▸ **What to work on**: Only these lines of the data below are wanted: the one with "この手作業が、実は奥深いんで", the one with "Depiladora con cabezal", and any lines between them, each repeated exactly.

▸ **Stored entries**:
----------
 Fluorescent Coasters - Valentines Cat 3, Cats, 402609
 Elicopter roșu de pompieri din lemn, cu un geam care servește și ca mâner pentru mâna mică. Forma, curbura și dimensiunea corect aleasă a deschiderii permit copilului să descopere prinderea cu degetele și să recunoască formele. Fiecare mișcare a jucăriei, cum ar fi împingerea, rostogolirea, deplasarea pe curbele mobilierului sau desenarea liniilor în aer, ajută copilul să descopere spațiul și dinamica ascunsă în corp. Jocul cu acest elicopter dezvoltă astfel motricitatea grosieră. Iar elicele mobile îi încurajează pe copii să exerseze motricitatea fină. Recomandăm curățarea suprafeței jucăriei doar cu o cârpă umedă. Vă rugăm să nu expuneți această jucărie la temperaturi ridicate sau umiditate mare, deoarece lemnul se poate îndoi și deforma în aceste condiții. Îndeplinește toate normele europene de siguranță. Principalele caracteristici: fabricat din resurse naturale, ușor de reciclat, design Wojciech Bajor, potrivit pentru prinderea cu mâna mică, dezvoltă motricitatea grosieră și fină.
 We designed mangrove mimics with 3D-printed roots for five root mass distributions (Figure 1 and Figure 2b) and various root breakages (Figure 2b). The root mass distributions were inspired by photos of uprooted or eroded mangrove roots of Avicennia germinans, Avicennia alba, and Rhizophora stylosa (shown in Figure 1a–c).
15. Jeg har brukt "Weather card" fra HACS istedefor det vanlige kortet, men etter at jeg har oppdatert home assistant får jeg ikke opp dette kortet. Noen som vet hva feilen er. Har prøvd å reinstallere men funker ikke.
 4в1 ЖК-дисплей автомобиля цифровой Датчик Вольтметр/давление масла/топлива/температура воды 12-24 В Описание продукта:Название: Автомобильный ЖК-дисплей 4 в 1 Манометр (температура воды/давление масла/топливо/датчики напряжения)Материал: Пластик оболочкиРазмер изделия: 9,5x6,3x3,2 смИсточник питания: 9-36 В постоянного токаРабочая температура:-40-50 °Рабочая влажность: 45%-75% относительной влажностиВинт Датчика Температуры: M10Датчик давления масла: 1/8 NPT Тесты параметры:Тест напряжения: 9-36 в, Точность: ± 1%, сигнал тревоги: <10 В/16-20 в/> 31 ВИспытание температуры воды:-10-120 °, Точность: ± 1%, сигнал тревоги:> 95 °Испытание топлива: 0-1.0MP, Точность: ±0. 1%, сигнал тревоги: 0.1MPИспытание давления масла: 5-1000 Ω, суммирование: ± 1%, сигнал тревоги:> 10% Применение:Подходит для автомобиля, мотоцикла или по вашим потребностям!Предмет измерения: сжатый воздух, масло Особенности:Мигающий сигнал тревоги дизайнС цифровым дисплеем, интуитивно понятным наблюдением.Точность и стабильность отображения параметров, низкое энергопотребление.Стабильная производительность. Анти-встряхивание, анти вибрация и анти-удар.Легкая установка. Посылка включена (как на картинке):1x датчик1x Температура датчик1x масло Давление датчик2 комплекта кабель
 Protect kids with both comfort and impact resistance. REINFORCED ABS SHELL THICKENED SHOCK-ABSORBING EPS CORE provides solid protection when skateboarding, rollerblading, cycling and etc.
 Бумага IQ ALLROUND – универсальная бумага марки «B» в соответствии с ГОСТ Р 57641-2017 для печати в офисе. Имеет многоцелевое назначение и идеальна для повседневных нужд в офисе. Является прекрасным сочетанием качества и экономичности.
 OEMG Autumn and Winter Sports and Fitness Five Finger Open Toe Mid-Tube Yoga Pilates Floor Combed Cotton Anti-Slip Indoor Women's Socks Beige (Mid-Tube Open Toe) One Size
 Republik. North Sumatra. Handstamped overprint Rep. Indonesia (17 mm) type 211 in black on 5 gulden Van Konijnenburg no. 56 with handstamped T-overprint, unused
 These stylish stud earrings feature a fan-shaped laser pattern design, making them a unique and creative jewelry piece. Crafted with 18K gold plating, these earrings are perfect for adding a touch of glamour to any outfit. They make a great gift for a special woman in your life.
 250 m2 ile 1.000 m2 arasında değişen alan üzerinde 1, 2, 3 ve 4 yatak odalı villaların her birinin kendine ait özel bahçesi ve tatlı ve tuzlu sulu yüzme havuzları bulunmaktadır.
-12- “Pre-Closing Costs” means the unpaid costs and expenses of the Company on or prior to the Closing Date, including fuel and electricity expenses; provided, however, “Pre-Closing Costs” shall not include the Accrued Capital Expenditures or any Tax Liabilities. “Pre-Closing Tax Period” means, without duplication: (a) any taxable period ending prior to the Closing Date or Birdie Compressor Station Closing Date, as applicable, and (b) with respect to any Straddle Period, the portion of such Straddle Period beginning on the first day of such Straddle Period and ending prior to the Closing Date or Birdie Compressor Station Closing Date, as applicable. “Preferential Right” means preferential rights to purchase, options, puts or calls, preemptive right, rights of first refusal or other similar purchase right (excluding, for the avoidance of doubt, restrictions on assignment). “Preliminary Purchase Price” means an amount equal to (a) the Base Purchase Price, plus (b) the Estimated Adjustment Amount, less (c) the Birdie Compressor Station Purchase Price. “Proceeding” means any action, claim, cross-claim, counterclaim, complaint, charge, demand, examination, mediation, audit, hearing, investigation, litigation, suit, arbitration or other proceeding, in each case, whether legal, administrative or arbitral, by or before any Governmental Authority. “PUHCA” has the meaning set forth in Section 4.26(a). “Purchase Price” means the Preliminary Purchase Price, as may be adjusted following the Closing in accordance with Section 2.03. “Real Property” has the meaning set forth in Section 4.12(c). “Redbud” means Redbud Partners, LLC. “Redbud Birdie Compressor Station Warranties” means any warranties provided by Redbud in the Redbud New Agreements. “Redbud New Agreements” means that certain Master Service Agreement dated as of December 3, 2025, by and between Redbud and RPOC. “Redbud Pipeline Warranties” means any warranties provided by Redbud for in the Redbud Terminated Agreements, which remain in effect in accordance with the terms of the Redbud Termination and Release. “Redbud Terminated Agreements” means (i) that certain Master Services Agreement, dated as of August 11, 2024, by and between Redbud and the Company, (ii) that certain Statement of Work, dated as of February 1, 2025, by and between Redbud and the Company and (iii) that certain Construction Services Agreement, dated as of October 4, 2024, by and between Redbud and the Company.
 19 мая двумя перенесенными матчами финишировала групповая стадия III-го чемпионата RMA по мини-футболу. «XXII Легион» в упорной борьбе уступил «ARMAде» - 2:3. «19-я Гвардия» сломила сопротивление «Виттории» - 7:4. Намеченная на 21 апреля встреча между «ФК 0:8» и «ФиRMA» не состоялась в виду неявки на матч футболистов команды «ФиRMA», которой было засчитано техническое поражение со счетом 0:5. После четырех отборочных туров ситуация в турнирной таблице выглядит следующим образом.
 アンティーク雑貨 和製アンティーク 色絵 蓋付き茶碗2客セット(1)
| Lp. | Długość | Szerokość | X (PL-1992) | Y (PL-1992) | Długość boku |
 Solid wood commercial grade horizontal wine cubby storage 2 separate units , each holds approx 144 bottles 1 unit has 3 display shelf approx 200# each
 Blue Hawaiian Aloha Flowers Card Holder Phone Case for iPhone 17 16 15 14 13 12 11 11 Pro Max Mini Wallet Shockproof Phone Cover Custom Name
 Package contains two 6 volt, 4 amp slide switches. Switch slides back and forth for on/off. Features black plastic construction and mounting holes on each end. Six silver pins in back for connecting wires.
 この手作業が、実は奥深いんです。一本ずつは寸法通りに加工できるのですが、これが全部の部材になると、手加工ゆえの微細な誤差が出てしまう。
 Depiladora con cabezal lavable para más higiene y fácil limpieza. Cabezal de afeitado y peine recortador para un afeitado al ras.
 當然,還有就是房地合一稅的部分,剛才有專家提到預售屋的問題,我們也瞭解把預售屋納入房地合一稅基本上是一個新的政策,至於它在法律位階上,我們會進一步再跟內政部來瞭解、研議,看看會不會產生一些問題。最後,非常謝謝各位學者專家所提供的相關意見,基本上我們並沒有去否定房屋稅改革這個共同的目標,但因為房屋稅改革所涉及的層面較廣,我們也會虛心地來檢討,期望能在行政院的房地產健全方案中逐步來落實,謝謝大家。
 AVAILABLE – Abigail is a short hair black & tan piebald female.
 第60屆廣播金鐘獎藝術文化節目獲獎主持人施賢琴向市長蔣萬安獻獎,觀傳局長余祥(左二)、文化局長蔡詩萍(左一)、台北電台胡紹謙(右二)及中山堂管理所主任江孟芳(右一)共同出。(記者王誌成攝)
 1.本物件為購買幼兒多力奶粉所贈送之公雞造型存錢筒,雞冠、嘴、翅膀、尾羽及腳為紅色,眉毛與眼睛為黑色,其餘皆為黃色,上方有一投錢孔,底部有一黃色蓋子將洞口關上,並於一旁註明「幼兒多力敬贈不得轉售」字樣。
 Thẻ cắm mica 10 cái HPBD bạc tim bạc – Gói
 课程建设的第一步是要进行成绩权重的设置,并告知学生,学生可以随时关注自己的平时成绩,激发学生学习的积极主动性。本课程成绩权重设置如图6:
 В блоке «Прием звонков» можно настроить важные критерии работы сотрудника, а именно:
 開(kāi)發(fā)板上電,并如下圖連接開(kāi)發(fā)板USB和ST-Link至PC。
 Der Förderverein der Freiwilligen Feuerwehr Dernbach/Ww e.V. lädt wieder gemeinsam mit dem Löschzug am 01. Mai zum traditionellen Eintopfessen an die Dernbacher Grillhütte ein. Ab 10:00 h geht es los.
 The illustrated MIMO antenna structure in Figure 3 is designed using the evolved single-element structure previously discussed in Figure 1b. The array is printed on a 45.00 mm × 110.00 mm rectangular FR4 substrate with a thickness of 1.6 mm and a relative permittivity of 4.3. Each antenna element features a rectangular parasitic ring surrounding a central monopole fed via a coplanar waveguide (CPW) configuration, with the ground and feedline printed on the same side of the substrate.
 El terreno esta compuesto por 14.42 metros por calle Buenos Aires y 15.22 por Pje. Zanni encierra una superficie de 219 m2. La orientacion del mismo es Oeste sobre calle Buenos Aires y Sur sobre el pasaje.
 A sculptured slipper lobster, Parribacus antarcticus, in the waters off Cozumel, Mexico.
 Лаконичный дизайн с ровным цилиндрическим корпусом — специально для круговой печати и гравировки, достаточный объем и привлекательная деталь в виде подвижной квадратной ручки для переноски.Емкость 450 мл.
----------
▸ **Exercise result**:
 この手作業が、実は奥深いんです。一本ずつは寸法通りに加工できるのですが、これが全部の部材になると、手加工ゆえの微細な誤差が出てしまう。
 Depiladora con cabezal lavable para más higiene y fácil limpieza. Cabezal de afeitado y peine recortador para un afeitado al ras.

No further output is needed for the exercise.